At the event, Stephane Bancel, Moderna’s chief executive officer, stated, “I am proud of the progress that the Moderna team has made in advancing our best-in-class mRNA pipeline while addressing the global COVID-19 pandemic. We believe our mRNA platform can solve the world’s greatest health challenges, from diseases impacting millions to ultra-rare diseases impacting dozens, to medicines personalized down to the individual level.”

When it came to the COVID-19 vaccines, Moderna reportedly designed their vaccine within 48 hours of receiving the viral genome and Sahin said, “Actually, we (BioNTech) did it in less than 48 hours! In 24 hours, we generated the genetic sequence of the first eight vaccine candidates.”

Thompson asked Sahin and Tureci why mRNA worked out so well against COVID-19. Sahin noted, “I think it may be the mother of all questions. Before corona, there was Ebola, and a different vaccine technology that was viral-vector-based was sufficient. Ebola was low-hanging fruit for viral-vector-vaccine technology. The coronavirus is a very different virus. It has these spike proteins that bind very strongly to the receptors [of our cells]. It turned out that mRNA vaccines were particularly excellent for boosting the immune system’s response. So maybe the coronavirus was lower-hanging fruit for mRNA technology.”

In terms of cancer, Tureci says BioNTech has two types of mRNA vaccines for cancer. “First, we have our off-the-shelf vaccines, where we’ve identified molecular features of tumors that are shared by many patients. These are molecules that are broadly present in cancer cells but not in normal cells. By targeting these molecules, you can fight the cancer without getting collateral damage to healthy cells.”

She went on to say, “Second, we have highly personalized vaccines. We identify cancer mutations that are unique to every patient. Every cancer patient has their own mutations, like a fingerprint. We biopsy the tumor, sequence it, and design a unique, individualized vaccine for each patient.”

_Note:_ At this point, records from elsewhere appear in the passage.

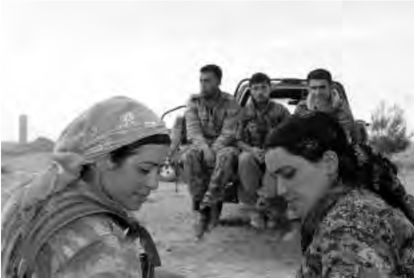
Μαχήτριες των YPJ και μαχητές των YPG στη Σερεκανίγιε

τηση ήταν μακρά, μέχρι που έγινε κατανοητό ότι η απελευθέρωση της κοινωνίας θα επιτευχθεί μόνο μέσω της απελευθέρωσης των γυναικών».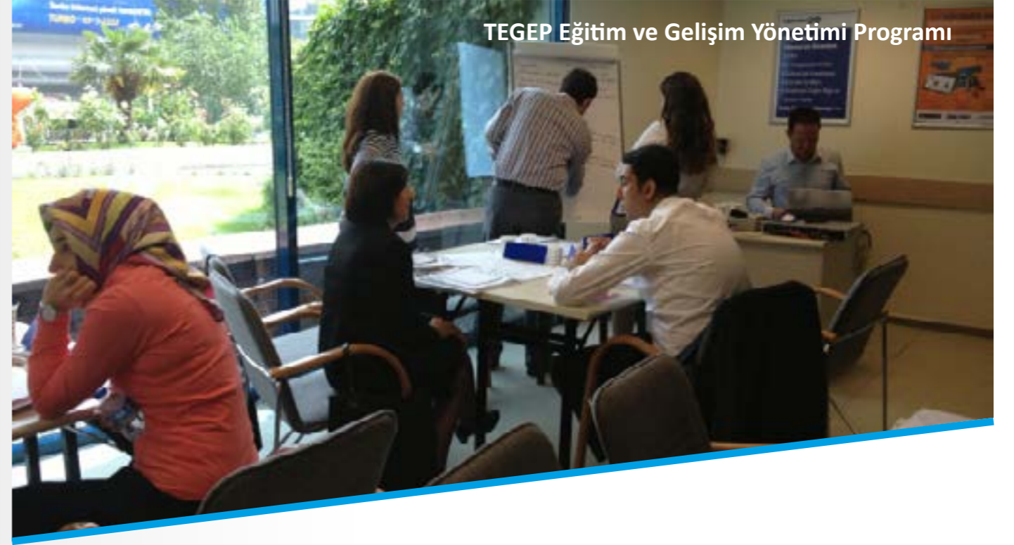
TEGEP Eğitim ve Gelişim Yönetimi Programı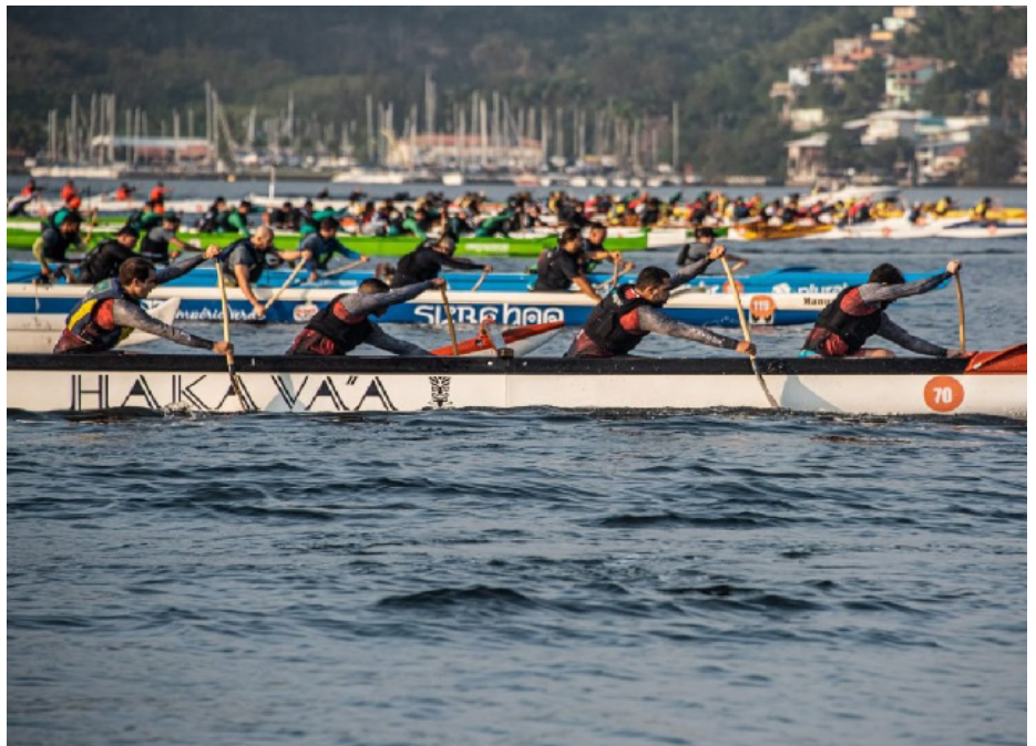
Campeonato Estadual retorna à Região dos Lagos. Etapas não aconteciam desde 2019

Com patrocínio da Prefeitura de Saquarema , esta edição marca um recorde em premiações para o esporte no Brasil. Ao todo, R$ 50 mil reais estarão em disputa, sendo a categoria OC6 a que oferece a maior recompensa aos atletas. Tanto no masculino quanto no feminino, as equipes que ficarem em primeiro lugar irão receber R$ 6 mil. As segundas e terceiras colocações recebem R$ 3 mil e R$ 1,5 mil cada. De acordo com a Federação de Canoa Havaiana do Estado do Rio de Janeiro (FCHERJ), o número de participantes do campeonato também deve bater um novo recorde com mais de 500 inscritos de di-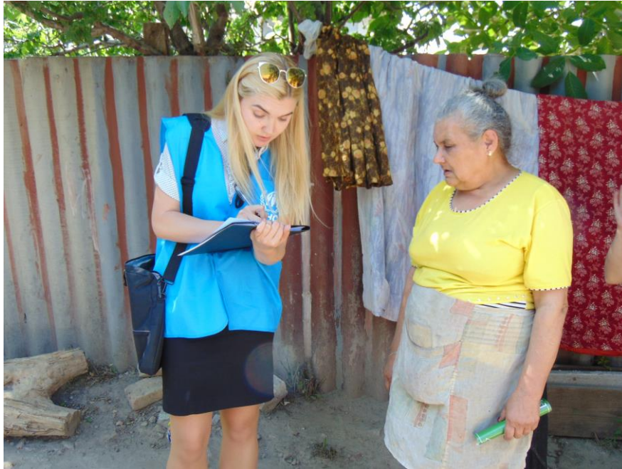
Юрист ГО «Десяте квітня», партнера UNHCR, спілкується з представницею ромської сім'ї у селі Корсунці Одеської обл. з метою надання правової допомоги.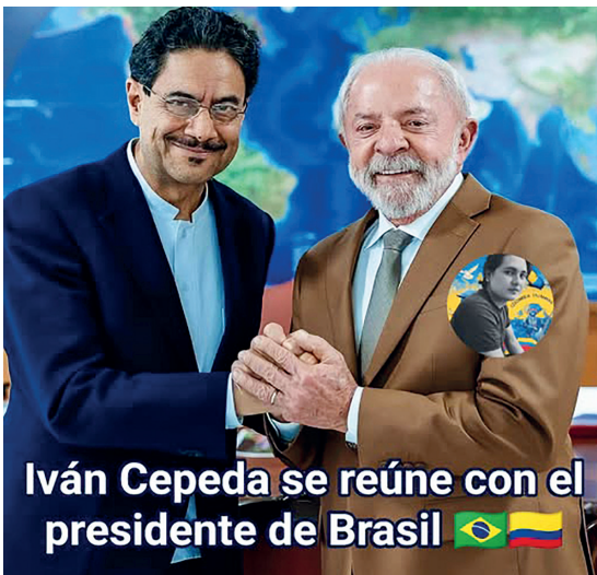
Iván Cepeda se reúne con el presidente de Brasil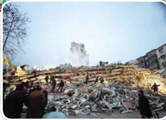
١٢ زلزال تركيا وسوريا يُخلف الآلاف من الضحايا والجرحى

Sahin and Tureci are optimistic about the future of mRNA vaccines for cancer, but Sahin notes they’ve just moved to Phase II trials where they will have to prove “that our therapy beats the standard of care the patient would otherwise get. It would only be scientifically sound to gauge the vaccines after this head-to-head comparison. We think we can make major advances in the next five years, but it really depends on what these Phase II studies show us.”

Meanwhile, mRNA technology has been successfully dosed in more than a billion people around the world and is the pathway to ending the COVID-19 pandemic.